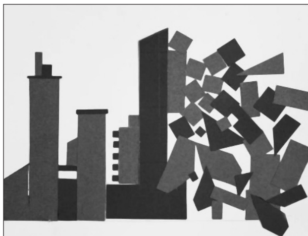
Nonfiguratív kompozíció Szecskó Mihály, AKG
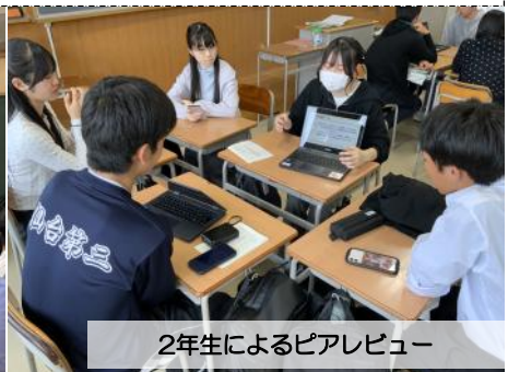
2年生によるピアレビュー
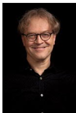
il Maestro Ludwig Wicki

Musicato dal vivo dall'eccellente Orchestra Italiana del Cinema , diretta per questo secondo evento della rassegna dal Maestro Ludwig Wicki , il primo episodio della saga dei pirati diretto da Gore Verbinski è dunque tornato, proiettato in alta risoluzione, per due giorni sul grande schermo, circondato da un'atmosfera festosa e divertita; all'interno dell'Auditorium, parte dei musicisti ha eseguito pillole della colonna sonora per gli ospiti in attesa di entrare in sala, mentre un cosplayer di Jack Sparrow si aggirava, disponibile per una fan-foto con il pirata più amato da tutti.
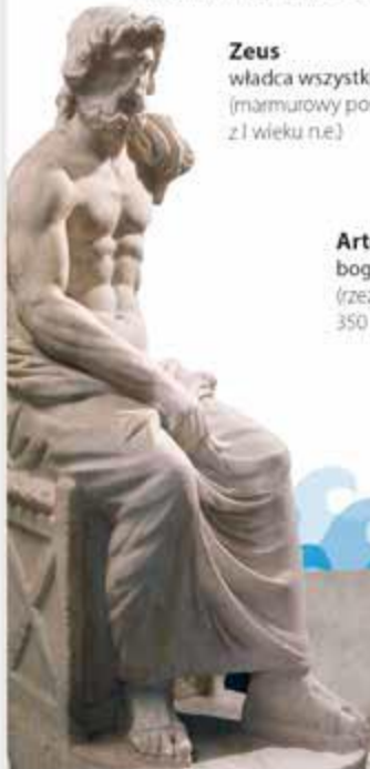
Zeus władca wszystkich bogów (marmurowy posąg z I wieku n.e.)

Postacie z mitologii greckiej na stałe zadomowiły się w naszej kulturze. Spotykamy je w literaturze, malarstwie, rzeźbie, filmach, a nawet... w grach komputerowych. Zobaczcie, w jaki sposób twórcy z różnych epok nawiązywali do tematyki mitologicznej.
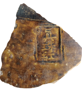
“真珠红”款酱釉罐残片
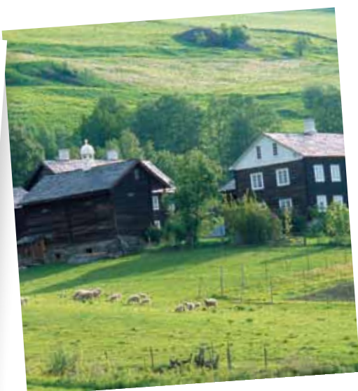
gjestegård i fjellheimen
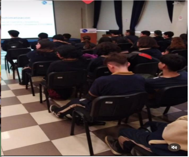
PREMIO FORO INNOVACION
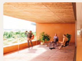
En face du poste de soin, au cœur de chaque unité, une loggia sert de "place"
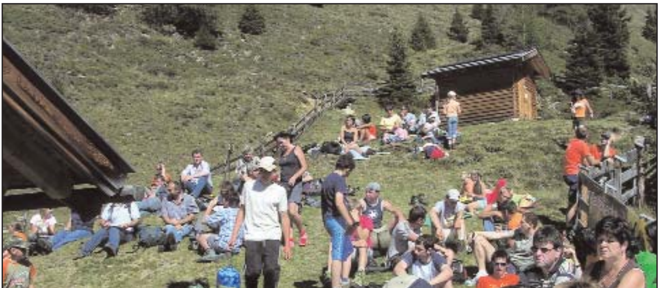
Bei traumhaftem Wetter wird bei der Sommerwandhütte gerastet und gefeiert

und die Bergwelt ist nicht nur schön, sondern birgt leider auch viele Gefahren. Deshalb braucht es auch weiterhin verlässliche Leute, auf die man zählen kann und die dieses zu einem nicht mehr wegzudenkenden Brauchtum gewordene „Beleuchtung machen“ weiterführen. Interessierte sind jederzeit herzlich willkommen mitzugehen!
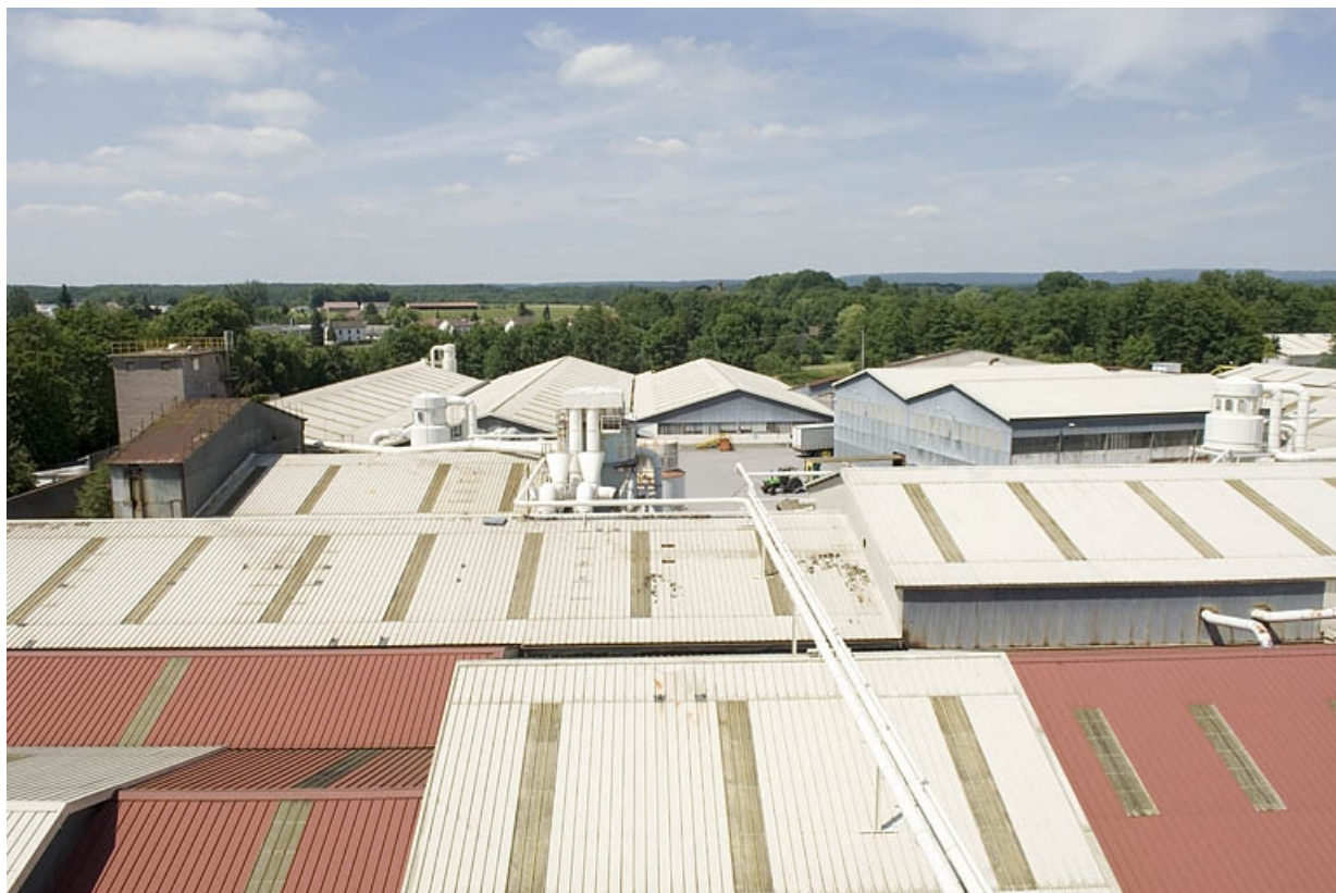
Toitures de l'usine de meubles, vers le nord-est.

70, Saint-Loup-sur-Semouse, 15 avenue Jacques Parisot

— TASK TO CARRY OUT —
Reproduce every record above exactly, omitting the pictures.

— RESPONSE —
Nonfiguratív kompozíció Szecskó Mihály, AKG
2年生によるピアレビュー
il Maestro Ludwig Wicki

Musicato dal vivo dall'eccellente Orchestra Italiana del Cinema , diretta per questo secondo evento della rassegna dal Maestro Ludwig Wicki , il primo episodio della saga dei pirati diretto da Gore Verbinski è dunque tornato, proiettato in alta risoluzione, per due giorni sul grande schermo, circondato da un'atmosfera festosa e divertita; all'interno dell'Auditorium, parte dei musicisti ha eseguito pillole della colonna sonora per gli ospiti in attesa di entrare in sala, mentre un cosplayer di Jack Sparrow si aggirava, disponibile per una fan-foto con il pirata più amato da tutti.
Zeus władca wszystkich bogów (marmurowy posąg z I wieku n.e.)

Postacie z mitologii greckiej na stałe zadomowiły się w naszej kulturze. Spotykamy je w literaturze, malarstwie, rzeźbie, filmach, a nawet... w grach komputerowych. Zobaczcie, w jaki sposób twórcy z różnych epok nawiązywali do tematyki mitologicznej.
“真珠红”款酱釉罐残片
gjestegård i fjellheimen
PREMIO FORO INNOVACION
En face du poste de soin, au cœur de chaque unité, une loggia sert de "place"
Bei traumhaftem Wetter wird bei der Sommerwandhütte gerastet und gefeiert

und die Bergwelt ist nicht nur schön, sondern birgt leider auch viele Gefahren. Deshalb braucht es auch weiterhin verlässliche Leute, auf die man zählen kann und die dieses zu einem nicht mehr wegzudenkenden Brauchtum gewordene „Beleuchtung machen“ weiterführen. Interessierte sind jederzeit herzlich willkommen mitzugehen!
Toitures de l'usine de meubles, vers le nord-est.

70, Saint-Loup-sur-Semouse, 15 avenue Jacques Parisot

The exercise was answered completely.